L’un de ses frères était prêtre, un autre médecin. Notre nom était donc familier de toutes les maisons de la région. Nous avions une ponette. Mandoline. Elle vivait dans le jardin, rendait ma sœur heureuse, tondait le gazon et, un dimanche sur deux, s’évadait pour aller dévaster les potagers alentour. Notre maison était plutôt petite, et très bricolée. Nous n’avions pas un rond. Mais grâce à/à cause de la personnalité unique de mon père, j’étais le garçon au nom à particule qui avait un château, un avion, plein de Rolls et de chevaux, et qui revenait toujours de Grèce ou des sports d’hiver. Je crois que cela ne m’a pas aidé à passer inaperçu dans la cour du collège de Villers-Bocage.

La maison où j’ai grandi à Montigny-sur-l’Hallue, dans le canton de VillersBocage, était une longère en ruines quand mes parents l’ont achetée à la fin des années 60 pour y emménager avec leur fille, tout juste venue au monde. C’est donc un peu avant ma naissance qu’ils l’ont retapée pour s’y installer. L’étage a été aménagé seulement quelques années plus tard, sous la belle structure de poutres typique des maisons de ce coin. Au bout du couloir, la chambre de ma sœur me semblait géante et son aspect mansardé lui donnait des airs de maison de poupée. Je lui ai toujours connu ce papier peint aux arbres joyeux et colorés. Ma chambre à moi, plus petite, était située au rez-de-chaussée, juste sous celle de mes parents. Et le manque d’intimité a un jour commencé à s’y faire sentir. Vers l’âge de 14 ans, quand ma sœur est partie étudier à Paris, j’ai pu emménager dans sa chambre et profiter de sa surface comme de son éloignement de la chambre des parents. C’est là que j’ai commencé à lire et écrire des lettres d’amour tourmentées en écoutant des groupes punk de mon adolescence. Sex Pistols, Crass, pil, The Damned, The Stranglers, dont la musique violemment sombre tranchait curieusement avec la joie colorée du papier peint. Aujourd’hui, après avoir passé plus de cinquante ans à la lumière du jour, le papier peint a naturellement perdu de sa superbe.

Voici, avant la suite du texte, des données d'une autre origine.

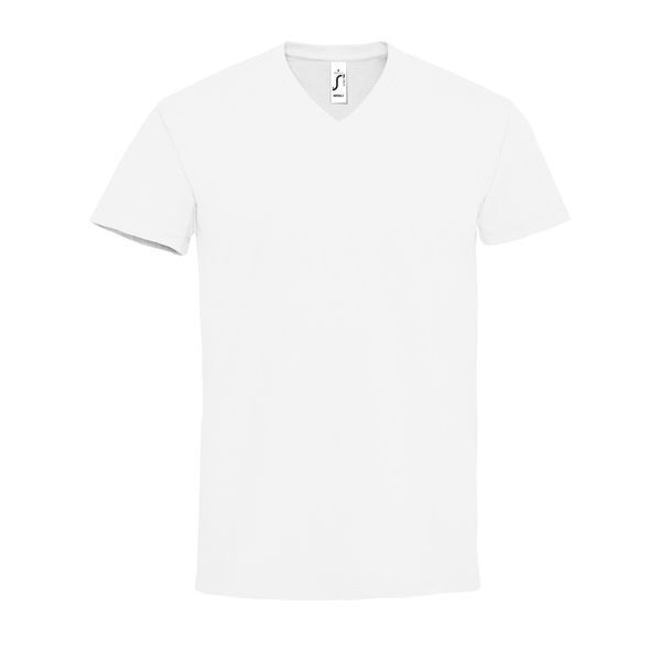T-shirt homme. Col V en bord-côte avec élasthanne. Bande de propreté au col. Manches courtes. | Coton semi-peigné Ringspun.

Près des fenêtres, il est devenu presque monochrome. J’ai ouvert les placards, j’y ai découvert des surfaces préservées. Ses couleurs m’ont sauté au visage.

Après l’avoir alternativement aimé et détesté, je suis en mesure d’affirmer, avec une objectivité incontestable, que ce papier peint est le plus beau du monde. J’ai donc entrepris de le retrouver. Mais il est introuvable. Alors je l’ai reproduit à l’identique en le dessinant sur ma tablette. Et j’en ai fait un mur de la chambre de ma fille.

J’ai toujours aimé les branches.

Ce lapin rachitique et usé, dont la structure en fil de fer a transpercé le bout des pattes et dont le poil rêche rappelle le côté vert d’une éponge, s’appelle Bubu. Vous l’avez compris, il n’a rien pour lui, Bubu. Pourtant, après quatre ans de loyaux services auprès de ma sœur, Bubu fut mon doudou. Devrais-je dire mon durdur ?

Note : Ma sœur me signale à l’instant que ce “lapin” s’appelait Topino, que c’était un rat, qu’il n’avait pas du tout les oreilles longues comme ça, et que Bubu était un adorable lapin grassouillet, bien plus doux. Pardon Bubu.

L’Ange pleureur. Il boude dans un coin sombre tout au fond de la cathédrale d’Amiens. Mon père avait coutume de me comparer à lui pour me charrier, ce qui me vexait beaucoup. Pour la peine je l’ai vite et mal dessiné, à la plume, et en frottant mes doigts sur l’encre pas encore sèche. Bien fait.

“Le mercredi, après le départ de mes parents je me lançais dans la construction de ce qui devait devenir mon look. Il fallait du brillant. Du métallique. Bagues, épingles à nourrice, bracelets, anneaux, trombones, colliers, gourmettes, tout y passait. Jusqu’à la petite chaînette de la baignoire. Tant que le bouchon restait caché dans ma poche, tout allait bien.”